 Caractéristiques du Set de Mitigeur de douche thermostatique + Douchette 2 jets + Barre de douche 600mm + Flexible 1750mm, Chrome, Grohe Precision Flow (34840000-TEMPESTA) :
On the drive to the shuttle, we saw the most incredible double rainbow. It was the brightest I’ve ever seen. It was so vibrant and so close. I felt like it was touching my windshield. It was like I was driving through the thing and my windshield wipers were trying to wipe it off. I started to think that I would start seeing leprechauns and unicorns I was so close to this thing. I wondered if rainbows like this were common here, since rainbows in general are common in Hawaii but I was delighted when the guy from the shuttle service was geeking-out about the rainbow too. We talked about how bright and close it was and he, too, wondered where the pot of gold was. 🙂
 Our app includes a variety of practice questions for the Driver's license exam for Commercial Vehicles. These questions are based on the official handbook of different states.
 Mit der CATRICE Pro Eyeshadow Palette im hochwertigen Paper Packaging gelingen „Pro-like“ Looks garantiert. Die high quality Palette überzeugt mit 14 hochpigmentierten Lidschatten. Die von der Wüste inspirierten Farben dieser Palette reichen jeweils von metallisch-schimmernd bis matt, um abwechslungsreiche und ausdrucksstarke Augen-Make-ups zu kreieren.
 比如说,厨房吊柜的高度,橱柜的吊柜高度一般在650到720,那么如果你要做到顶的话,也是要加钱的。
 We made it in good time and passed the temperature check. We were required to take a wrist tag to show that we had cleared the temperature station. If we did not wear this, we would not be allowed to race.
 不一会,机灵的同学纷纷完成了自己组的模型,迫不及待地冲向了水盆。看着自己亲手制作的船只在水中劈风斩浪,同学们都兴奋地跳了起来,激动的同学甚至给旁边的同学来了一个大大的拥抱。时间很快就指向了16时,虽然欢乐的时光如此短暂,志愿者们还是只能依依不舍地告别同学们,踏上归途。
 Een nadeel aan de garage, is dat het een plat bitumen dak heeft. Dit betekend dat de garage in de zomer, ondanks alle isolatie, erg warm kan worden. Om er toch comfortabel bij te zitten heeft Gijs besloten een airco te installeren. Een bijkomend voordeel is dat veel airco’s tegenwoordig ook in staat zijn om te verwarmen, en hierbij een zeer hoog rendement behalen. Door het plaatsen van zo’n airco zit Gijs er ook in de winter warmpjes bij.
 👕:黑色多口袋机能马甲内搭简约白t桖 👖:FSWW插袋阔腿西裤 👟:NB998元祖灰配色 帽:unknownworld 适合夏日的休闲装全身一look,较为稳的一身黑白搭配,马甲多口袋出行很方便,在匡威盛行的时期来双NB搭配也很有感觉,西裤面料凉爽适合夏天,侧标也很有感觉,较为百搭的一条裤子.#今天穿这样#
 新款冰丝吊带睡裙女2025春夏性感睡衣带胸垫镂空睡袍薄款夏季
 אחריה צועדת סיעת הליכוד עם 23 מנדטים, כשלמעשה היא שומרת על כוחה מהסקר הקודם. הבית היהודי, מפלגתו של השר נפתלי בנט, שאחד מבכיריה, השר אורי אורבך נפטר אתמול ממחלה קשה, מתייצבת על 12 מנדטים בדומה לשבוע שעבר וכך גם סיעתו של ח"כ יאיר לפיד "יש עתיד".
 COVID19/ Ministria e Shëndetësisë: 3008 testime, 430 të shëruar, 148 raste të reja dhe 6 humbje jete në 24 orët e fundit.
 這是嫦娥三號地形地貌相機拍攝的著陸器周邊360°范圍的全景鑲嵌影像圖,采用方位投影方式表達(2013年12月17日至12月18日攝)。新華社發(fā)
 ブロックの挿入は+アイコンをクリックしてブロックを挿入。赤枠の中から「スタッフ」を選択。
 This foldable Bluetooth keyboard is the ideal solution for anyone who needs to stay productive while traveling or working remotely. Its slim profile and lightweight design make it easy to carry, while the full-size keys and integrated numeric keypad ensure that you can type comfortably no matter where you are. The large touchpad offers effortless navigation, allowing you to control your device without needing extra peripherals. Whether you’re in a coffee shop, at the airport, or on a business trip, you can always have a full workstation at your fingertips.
--------------------------------------------------
Would you please transcribe the lines above exactly, starting with the first line of the material and ending with the line that has "On the drive"?

 Caractéristiques du Set de Mitigeur de douche thermostatique + Douchette 2 jets + Barre de douche 600mm + Flexible 1750mm, Chrome, Grohe Precision Flow (34840000-TEMPESTA) :
On the drive to the shuttle, we saw the most incredible double rainbow. It was the brightest I’ve ever seen. It was so vibrant and so close. I felt like it was touching my windshield. It was like I was driving through the thing and my windshield wipers were trying to wipe it off. I started to think that I would start seeing leprechauns and unicorns I was so close to this thing. I wondered if rainbows like this were common here, since rainbows in general are common in Hawaii but I was delighted when the guy from the shuttle service was geeking-out about the rainbow too. We talked about how bright and close it was and he, too, wondered where the pot of gold was. 🙂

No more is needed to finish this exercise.